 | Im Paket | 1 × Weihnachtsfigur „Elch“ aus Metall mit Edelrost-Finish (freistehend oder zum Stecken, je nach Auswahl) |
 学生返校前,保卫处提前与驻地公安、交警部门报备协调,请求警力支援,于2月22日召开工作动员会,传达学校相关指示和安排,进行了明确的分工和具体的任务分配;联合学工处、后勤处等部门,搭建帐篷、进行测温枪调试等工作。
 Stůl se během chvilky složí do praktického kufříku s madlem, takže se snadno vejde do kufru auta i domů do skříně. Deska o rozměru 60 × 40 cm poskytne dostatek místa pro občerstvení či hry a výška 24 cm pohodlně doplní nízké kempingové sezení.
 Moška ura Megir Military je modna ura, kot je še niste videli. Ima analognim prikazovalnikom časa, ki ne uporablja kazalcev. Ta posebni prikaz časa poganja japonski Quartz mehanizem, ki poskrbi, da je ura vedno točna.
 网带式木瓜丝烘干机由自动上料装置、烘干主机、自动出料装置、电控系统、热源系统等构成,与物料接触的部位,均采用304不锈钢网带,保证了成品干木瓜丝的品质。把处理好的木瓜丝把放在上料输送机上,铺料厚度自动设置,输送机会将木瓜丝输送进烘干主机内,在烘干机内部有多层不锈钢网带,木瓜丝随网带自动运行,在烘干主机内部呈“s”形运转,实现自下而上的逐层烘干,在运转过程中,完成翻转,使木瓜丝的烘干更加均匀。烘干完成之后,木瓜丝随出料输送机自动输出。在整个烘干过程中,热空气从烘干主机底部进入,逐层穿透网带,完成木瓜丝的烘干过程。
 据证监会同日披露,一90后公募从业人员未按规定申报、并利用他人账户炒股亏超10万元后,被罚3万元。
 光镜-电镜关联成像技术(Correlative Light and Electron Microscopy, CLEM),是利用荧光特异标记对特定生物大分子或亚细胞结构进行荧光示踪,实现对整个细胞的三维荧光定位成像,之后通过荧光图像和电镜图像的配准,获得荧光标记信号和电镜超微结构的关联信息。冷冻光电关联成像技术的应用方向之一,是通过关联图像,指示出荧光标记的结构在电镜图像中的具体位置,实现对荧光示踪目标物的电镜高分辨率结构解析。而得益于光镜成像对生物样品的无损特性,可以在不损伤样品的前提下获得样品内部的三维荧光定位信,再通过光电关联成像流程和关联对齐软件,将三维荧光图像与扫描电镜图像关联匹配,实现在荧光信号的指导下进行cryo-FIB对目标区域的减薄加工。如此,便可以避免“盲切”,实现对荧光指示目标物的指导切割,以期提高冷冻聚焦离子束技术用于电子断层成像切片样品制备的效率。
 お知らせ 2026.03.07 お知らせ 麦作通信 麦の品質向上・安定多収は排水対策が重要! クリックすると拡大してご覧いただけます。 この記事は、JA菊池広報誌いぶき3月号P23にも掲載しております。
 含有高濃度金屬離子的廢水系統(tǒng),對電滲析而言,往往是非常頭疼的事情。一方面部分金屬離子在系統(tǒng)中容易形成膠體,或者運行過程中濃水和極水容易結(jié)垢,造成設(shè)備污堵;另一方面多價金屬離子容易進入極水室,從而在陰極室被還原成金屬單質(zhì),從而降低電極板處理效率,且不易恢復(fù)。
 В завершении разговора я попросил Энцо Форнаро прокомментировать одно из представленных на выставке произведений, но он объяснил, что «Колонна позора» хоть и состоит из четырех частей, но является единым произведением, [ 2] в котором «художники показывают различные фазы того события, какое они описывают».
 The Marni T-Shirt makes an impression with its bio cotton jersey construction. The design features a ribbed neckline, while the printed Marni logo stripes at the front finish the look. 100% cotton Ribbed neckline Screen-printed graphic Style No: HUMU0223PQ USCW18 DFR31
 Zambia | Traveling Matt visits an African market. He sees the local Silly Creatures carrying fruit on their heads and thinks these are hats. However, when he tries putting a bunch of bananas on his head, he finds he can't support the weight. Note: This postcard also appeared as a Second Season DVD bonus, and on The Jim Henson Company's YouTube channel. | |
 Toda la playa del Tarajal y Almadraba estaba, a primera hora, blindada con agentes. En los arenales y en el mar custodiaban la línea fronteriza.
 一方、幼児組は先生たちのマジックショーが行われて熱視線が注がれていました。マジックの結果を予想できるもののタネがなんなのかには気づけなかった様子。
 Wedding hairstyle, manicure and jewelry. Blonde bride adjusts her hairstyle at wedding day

· · · · · · ·

▶ _Task details_
Starting at the line that contains "一方、幼児組は先生たちのマジ", copy each line through the last line of the listing, and copy nothing else.

▶ _Exercise solution_
 一方、幼児組は先生たちのマジックショーが行われて熱視線が注がれていました。マジックの結果を予想できるもののタネがなんなのかには気づけなかった様子。
 Wedding hairstyle, manicure and jewelry. Blonde bride adjusts her hairstyle at wedding day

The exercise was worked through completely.